R – After a stressful drive trying to battle our way out of Cordoba, we drove to the end of the road at the top of the hill in the forest above Medina Al Zahara.  We could see the lights of the outskirts of Cordoba stretching out infront of us, trains passing silently in the distance.  Then cloud would blow over and there would be total darkness.
Sc – Cabo de Trafalgar. Lovely and warm, right by a huge beach and loads of doggy friends and doggy smells to sniff.

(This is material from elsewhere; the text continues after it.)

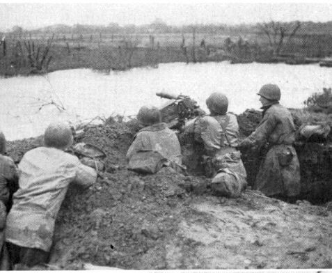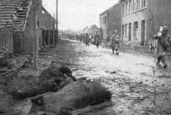 In moving northward, the 134th Infantry not only was leaving the 6th Armored Division, but the III Corps and the Third Army, and even General Bradleys 12th Army Group. It was on its way to rejoin its own 35th Division and the Ninth Army of its old division commander Lieutenant General William H. Simpson, (and the 21st Army Group of Field Marshal Bernard L. Montgomery). There were cloudy skies and some light rain as the column proceeded, 1 February, through Bastogne, Marche, Liege, to the area around Gravenvoeren Belgium (about eight miles south of Maastricht, Holland). Five days later - days of training (including a training film on non-fraternization with the enemy), USO shows, clubmobiles, movies - the Regiment resumed its journey northward to relieve the British 155th Infantry Brigade (52nd Division) in the quagmire of Bocket, Germany, and vicinity. Here it went into position while the 137th and 320th Regiments went into the line behind the series of streams paralleling the Roer River in the vicinity of the thoroughly destroyed city of Heinsberg. This was the northern flank of American forces in Europe.

The surfers reminded me of my old friend Gary the dogwalker too.

Thursday 3 February 2011

Gran Fiesta De La Calçotada' in Valls, Tarragona

As some of you are aware we have just had a mini 'holiday' (I know ... for those of you with jobs our whole life at the moment is one long holiday!) This entailed leaving Scooby and the beautiful, big blue van in Calpe; Scooby was comfy and warm with Richard's parents in a flat overlooking the sea, while the van had to make do with a side street. Meanwhile we travelled by train and bus to Valls (inland from Tarragona), staying in a hotel with unlimited running water and flush toilets – oh the luxury!

Calçots look like a huge spring onion or a small leek, raised using a technique developed by a farmer called Xat de Benaiges in the Valls area about a hundred years ago.  Onions are grown from seed, replanted and allowed to grow into tall straight sprouts rather than encouraged to form a fat bulb.  The shoots are gradually earthed up as they grow, to keep the stem pale and tender. The resulting vegetable is available throughout Spain, but particularly in Catalonia, between November and April.

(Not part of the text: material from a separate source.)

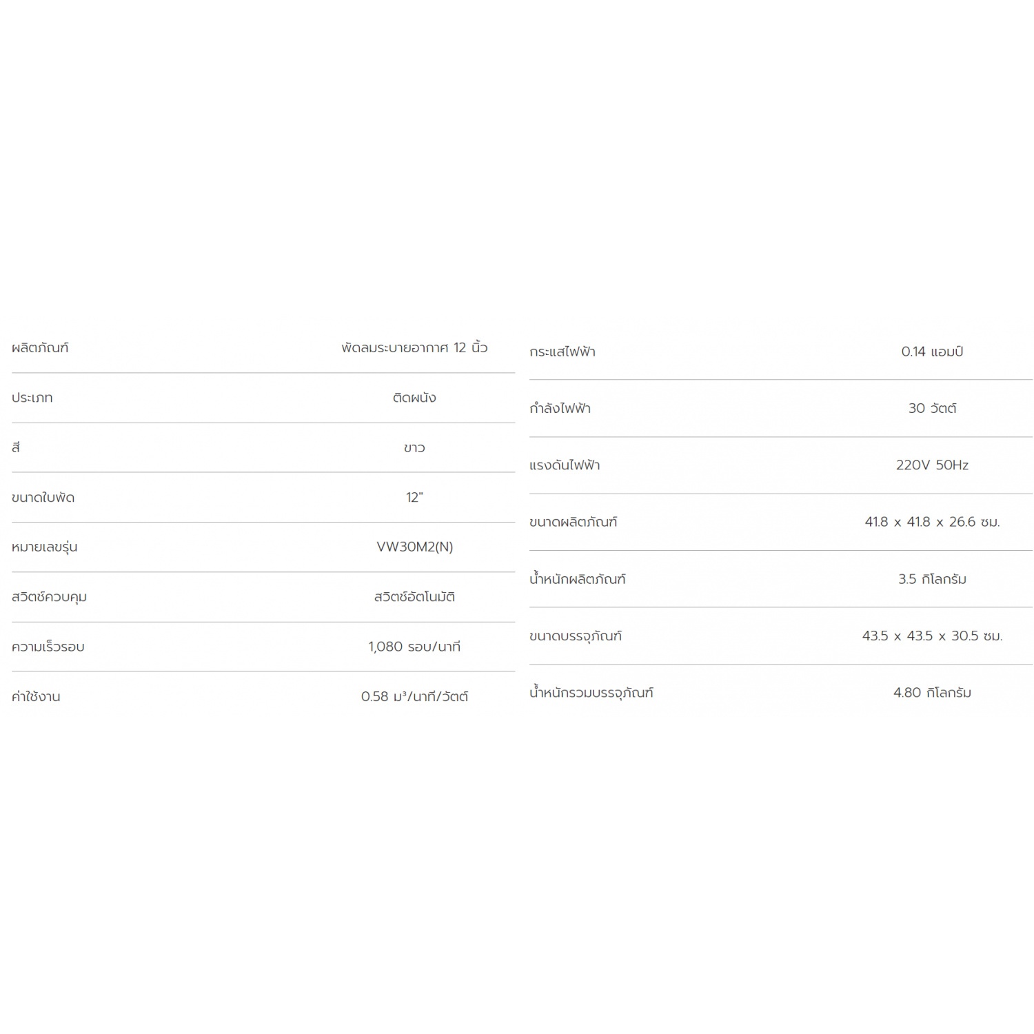 | รุ่น | VW30M2(N) |

Calçots appear on the menus of even the most dignified restaurants as a starter, but the popular tradition in its homeland is to eat them at a 'Calçotada', where mountains of calçots are griddled over wood fires, served in heaps (sometimes piled up on curved roof tiles) with grilled meat and sausages, and washed down with plentiful quantities of local wine. The freshly cooked calçots are black on the outside, but when the outer leaves are stripped away the inside is pale, mild and sweet.    Dipped in a little of the traditional Romesco sauce the floppy spears can really only be eaten by holding them up high and muching from below.  It's a fairly messy business, peeling ash blackened calçots by hand, dangling them into your mouth and drinking red wine from a shared 'porron', so bibs are also an important part of the tradition.

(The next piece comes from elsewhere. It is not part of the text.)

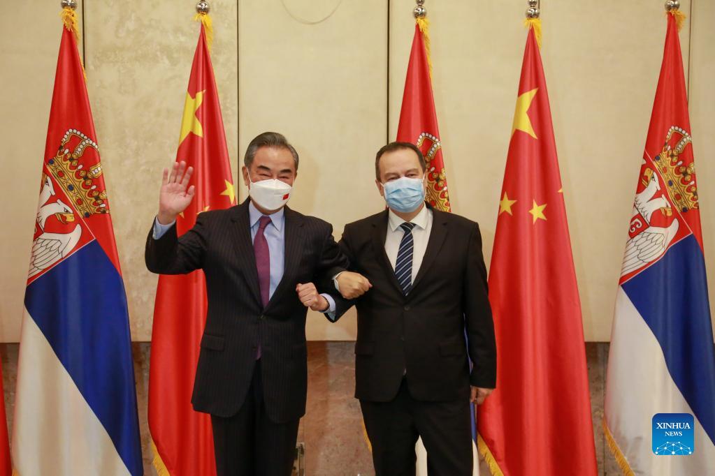 At a meeting with Serbian National Assembly Speaker Ivica Dacic, Wang thanked Dacic for his China tour during the COVID-19 pandemic last year, and conveyed to him warm regards from China's top legislator Li Zhanshu.

The 'Gran Fiesta De La Calçotada' in Valls seems to be struggling a little to decide what it wants to be in the twenty first century.  The local tourist board publishes a multi-lingual website as if they want to encourage outsiders to visit, but the town is very poorly geared up for tourism.  We made a brief visit last December to reconnoitre, but found the tourist office shuttered with no indication of when or if it ever opened.  We walked around town for a couple of hours without finding a single hotel or guest house.  The nearest camp site is twenty kilometres away.  By chance we found a free paper which listed Valls' two hotels, but didn't give any indication of where they were or give phone numbers.  I got the feeling that the Valls people were thinking 'But everyone knows where the hotels are!”, “Everyone knows when the Calçotada is, it's the Calçotada!”, not really used to having visitors.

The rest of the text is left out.